On January 1, 1914, the Journal of Experimental Medicine published the Observations of Josephine S. Pratt and Charles Krumwiede Jr. (not to be confused with their Further Observations, published 4 months later). They established a method for testing large numbers of drug/bacteria combinations while minimizing the amount of agar needed, by putting two samples in each Petri dish, slanted away from each other. Here they describe the process in vague terms that would be better presented as a 5-minute video.

As a routine a batch of agar was selected which was found especially suitable for the more feebly growing [bacteria]. To the hot agar an appropriate volume of a watery solution of dye was added to give the final dilution desired. The same agar was used in each experiment.

The most convenient and economical method was found to be as follows. One unopened Petri dish was used to tilt up one side of a second dish. In the opposite side was poured just sufficient agar to give a satisfactory slant. This dish was covered and used to tilt up a third dish, and so on in a row. After the agar had set, slants were poured in the other side of the Petri dishes which were tilted in the reverse direction. In this way two mixtures of agar could be used in the same dish, very little agar being required for each slant.

After inoculating all these plates with bacteria, they used the eye test. Compared to a control plate with no dyestuffs, how much did the dye prevent the bacteria from growing after 18 to 24 hours? Not at all? Was it “restrained”? “Markedly restrained”? Completely eliminated?

Here’s Table 1.

That is a lot of information. 11 drugs, tested against 30 bacteria (12 Gram-positive and 18 Gram-negative), makes 330 combinations, of which only 7 potential tests were not performed. (I think the ellipsis means “not performed”.) Each of these 323 tests was done at 3 concentrations, making 969 data points in a single table.

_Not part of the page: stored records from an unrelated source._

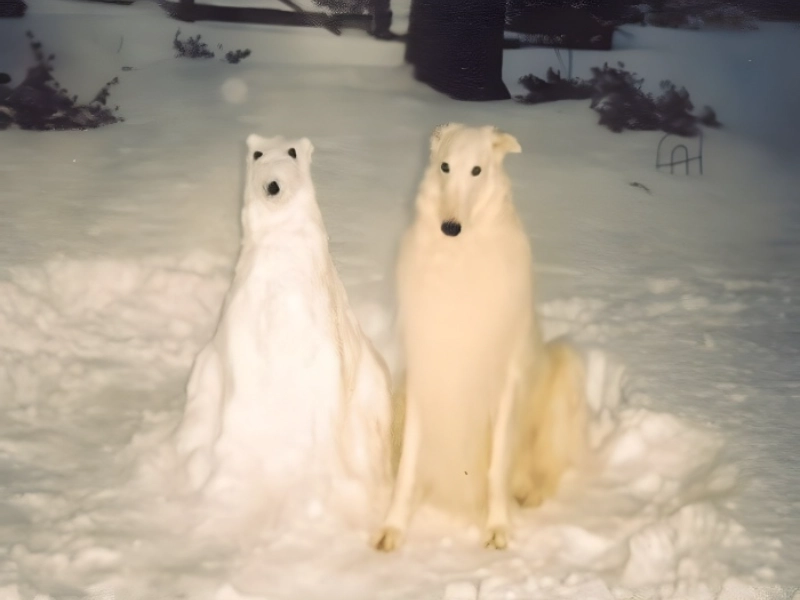 This pet owner has produced what might be the most exact snow-dog imitation ever recorded in an amazing exhibition of observational ability and creative accuracy. From the exact tail curvature to the distinctive head tilt that precisely matches the living counterpart, the focus on anatomical detail is just amazing. Right down to the attentive posture and proud stance, the sculptor was able to convey not simply the physical appearance but also the spirit of their cherished pet. This work is especially remarkable because of the exact matching of dimensions and even fur texture attained by careful control of snow consistency and certain sculpting techniques. Later on, the artist said they spent over four hours fine-tuning the details, referencing images, even including natural components to complement the colour of their dog. The apparent obsession of the genuine dog with its snowy counterpart gives this winter masterwork even more appeal.
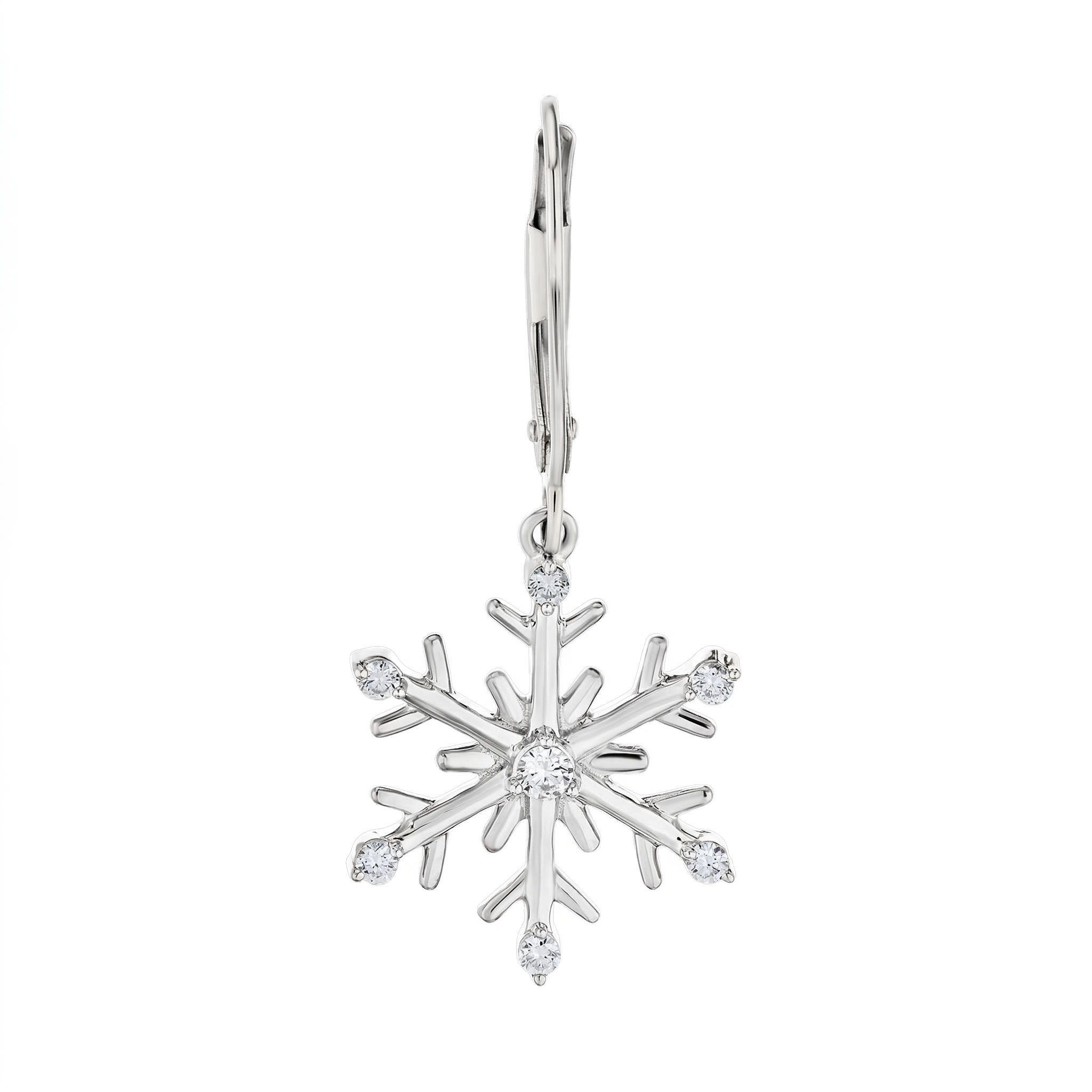 - 14kw White Gold Snowflake Drops on Lever-Backs Earrings Diamond 0.20 Ctw
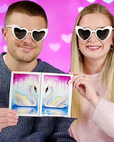 Tune in to join Hayley and special guest Tyler in painting a romantic watercolor scene of two swans forming a heart! Perfect for a date night or a family bonding activity, joining this live with a loved one will result in two separate paintings that come together to form a collaborative and complete work of art.
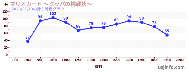 • マリオカート ~クッパの挑戦状~$B$N(B2023年07月13日の待ち時間
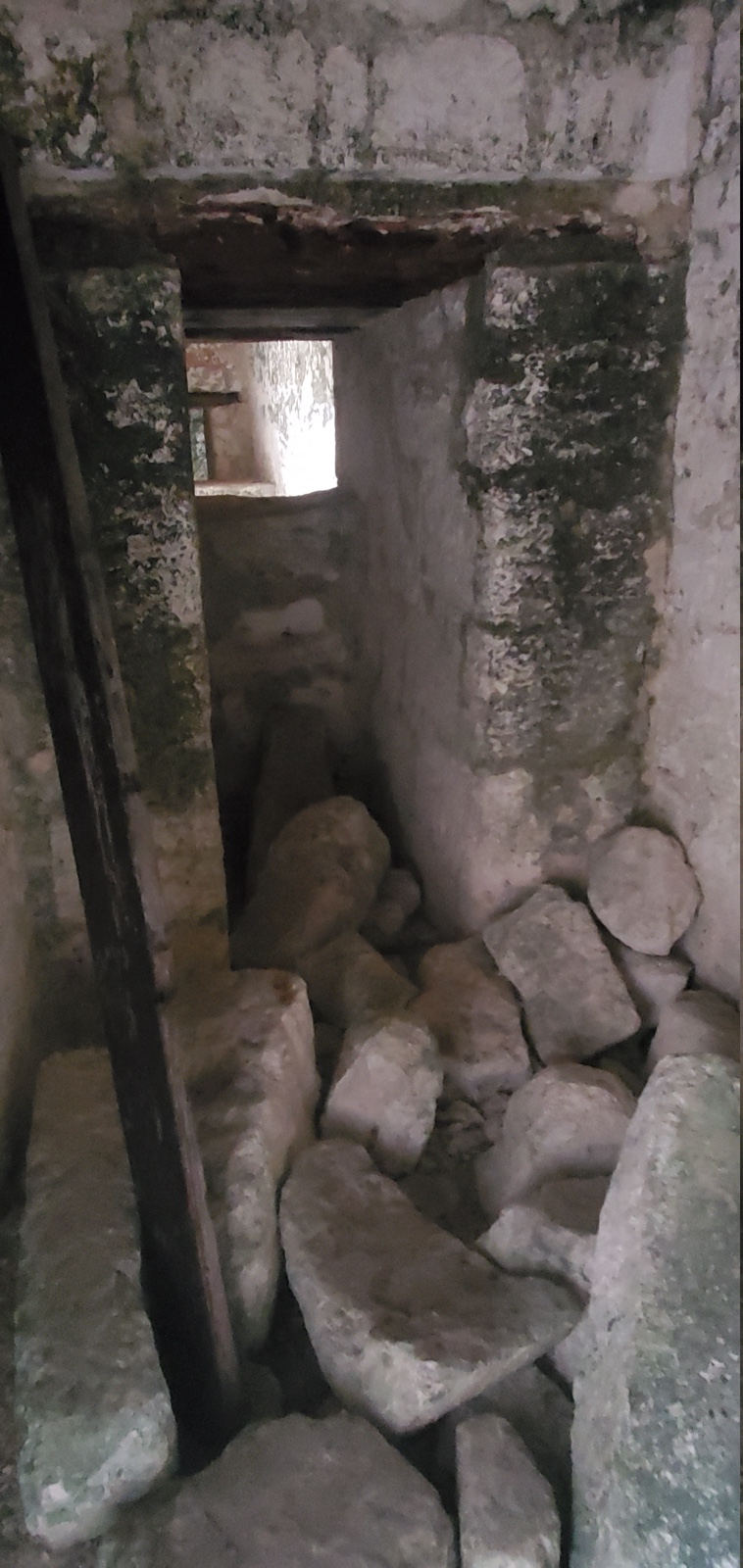 It used to be a two-story building, but the top story has collapsed. There are still doorways on the lower floor, and the upper floor has the bottoms of what must have been windows.
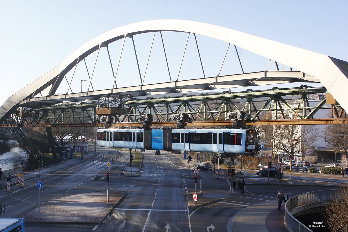 Die neue Schwebebahn GN04 am Döppersberg in Wuppertal, am 22.01.2017.
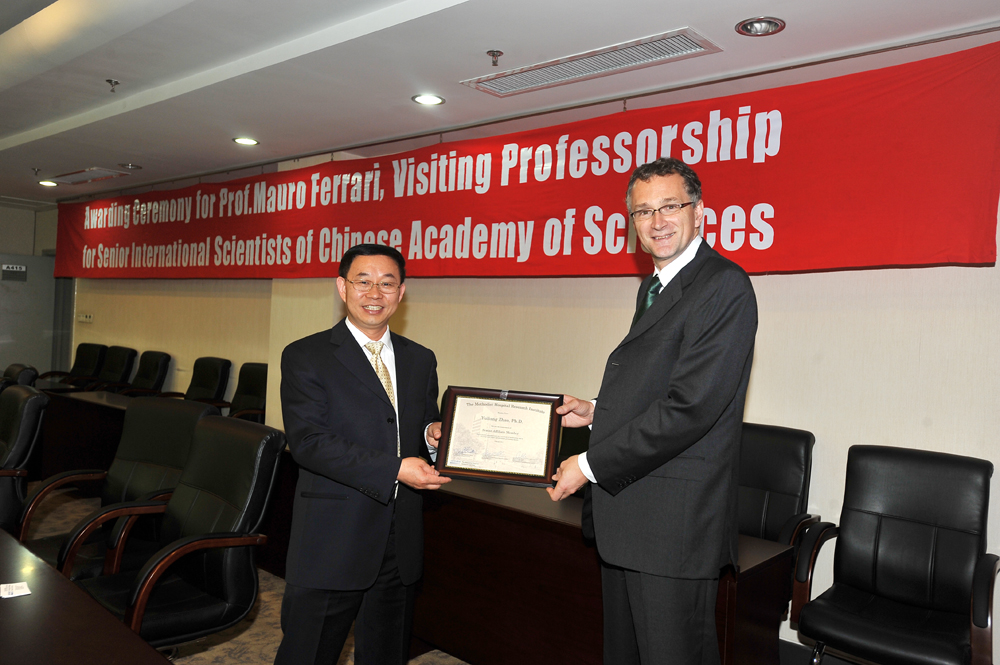 2011年2月,我实验室主任赵宇亮研究员被聘为美国卫理公会医院研究院兼职教授。5月30日美国卫理公会医院研究所(The Methodist Hospital Research Institute)所长Mauro Ferrari教授访问我实验室时为赵宇亮研究员颁发兼职教授聘书,与此同时,Mauro Ferrari教授也被聘为"中国科学院外国专家特聘研究员",这将进一步推动双方在肿瘤纳米技术和学生培养、人才交流等方面的合作。

To turn this into graphs would require many graphs. It would also require us to turn the X’s and +’s into a semiquantitative system (let’s say + = 4, ± = 3, X = 2, —* = 1, and — = 0). And since each data point is restricted to those 5 possibilities, you wouldn’t gain much by looking at a bunch of individual dots or bars anyway.

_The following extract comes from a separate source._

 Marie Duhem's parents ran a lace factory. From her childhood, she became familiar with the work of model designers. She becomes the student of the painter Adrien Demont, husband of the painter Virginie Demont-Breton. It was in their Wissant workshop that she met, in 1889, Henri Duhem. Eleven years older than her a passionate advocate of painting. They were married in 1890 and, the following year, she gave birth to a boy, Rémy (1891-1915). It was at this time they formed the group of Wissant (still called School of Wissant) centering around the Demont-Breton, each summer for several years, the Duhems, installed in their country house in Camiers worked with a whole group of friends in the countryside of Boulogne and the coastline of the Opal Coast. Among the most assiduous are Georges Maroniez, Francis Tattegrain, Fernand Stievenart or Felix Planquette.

Let’s leave it as a table.

The main flaw of this table is that all the symbols look similar, except “—” . The bottom half of the table is a wall of symbols for different degrees of growth. It’s hard to see trends, because the symbols are hard to distinguish from each other, so it looks like every bacterium is resistant to every drug. Which is not quite true.

Instead of these text symbols, how about something that may be more intuitive — representing the 5 levels of growth as 5 colors. This may not be intuitive in every culture, and it may not work for the color-blind or in B&W printouts, but I took the liberty of changing the table. Now as bacteria proliferate, they pass from “no growth” (white) through yellow, green, and purple stages until they attain “growth like control” (charcoal grey). At first I wanted to range from white to black, but if the cells are black you couldn’t see the lines between them. Or maybe you can’t see them anyway.

For the tests that weren’t done, I replaced the ellipses with neutral grey. And finally, the two types of “diphtheroid bacilli” produced exactly the same results, so they were conflated into one.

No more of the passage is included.